The function is overall more complex : more tables, hence more memory to init, special casing non-multiple-of-4 input sizes, regroup all results at the end, so intuitively there is a bit more work involved in this strategy. How does it compare with the naive implementation ?

When compressing random data, FSE_count() gets 1780 MB/s, which is already slightly better than the naive strategy. But obviously, that's not the target. This is when distribution gets squeezed that it makes the most difference, with 90% distribution being counted at 1700 MB/s. Indeed, it's still being hit, but much less, and prove overall much more stable.

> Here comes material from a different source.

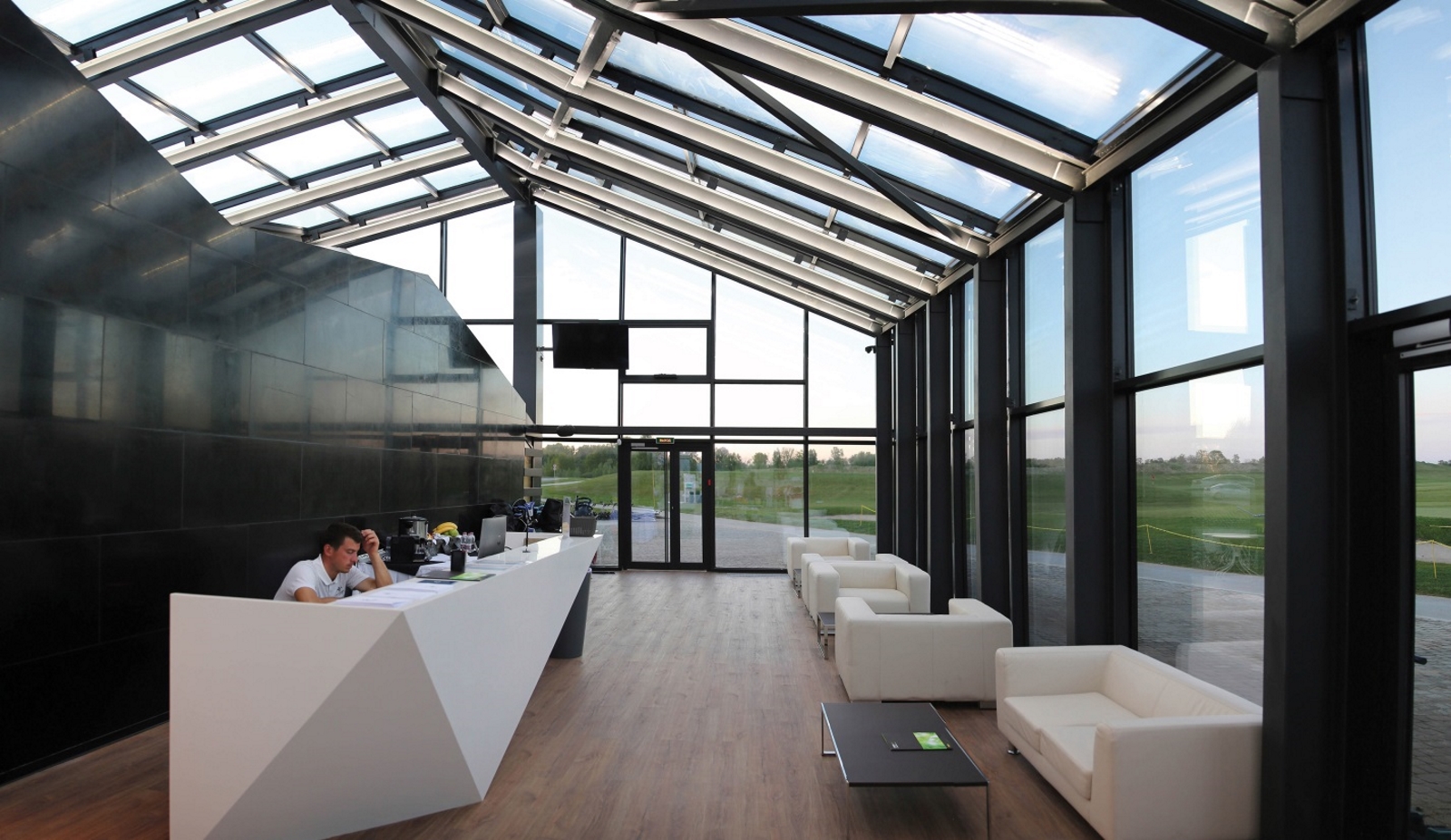 Часть здания со стороны поля полностью остеклена, включая кровлю, для создания эффекта максимального взаимодействия с природой.

With an average speed > 1700MB/s, it may seem that counting is a fast enough operation. But it is still nonetheless the second contributor to overall compression time, gobbling on its own approximately 15% of budget. That's perceptible, and still a tad too much if you ask me for such a simple task. But save another great find, it's the fastest solution I could come up with.

Edit :
Should you be willing to test some new ideas for the counting algorithm, you may find it handy to get the benchmark program which produced the speed results mentioned in this article. The program is part of the "test directory" within FSE project, as a single file named fullbench.c :
https://github.com/Cyan4973/FiniteStateEntropy/blob/master/test/fullbench.c

Edit 2 :
Thanks to recent comments, notably from gpdNathan, and Henry Wong, a new and better reason has been provided to explain the observed delay. Its name is store-to-load forwarding. I would like to suggest here the read of the detailed explanation from Nathan Kurz, backed by his cycle-exact Likwid analysis, and the excellent article from Henry on CPU microarchitecture.
In a nutshell, while write commit delay used to be a problem, it should now be properly handled by store-cache on modern CPU. However, it introduces some new issues, related to pipeline, serial dependency and prefetching, with remarkably similar consequences, save the number of lost cycles at stake, which is quite reduced.

Edit 3 :
Nathan Kurz provided an entry which beats the best speed so far, achieving 2010 MB/s on a Core i5-3340M @ 2.7 GHz. Its entry is provided within the fullbench program (as algorithm 202), alongside a simplified version which achieves the same speed but is shorter (algorithm 201).
It's more than 10% better than the initial entry suggested in this blog, and so is definitely measurable.
Unfortunately, these functions use SSE 4.1 intrinsic functions, and therefore offer limited portability perspectives.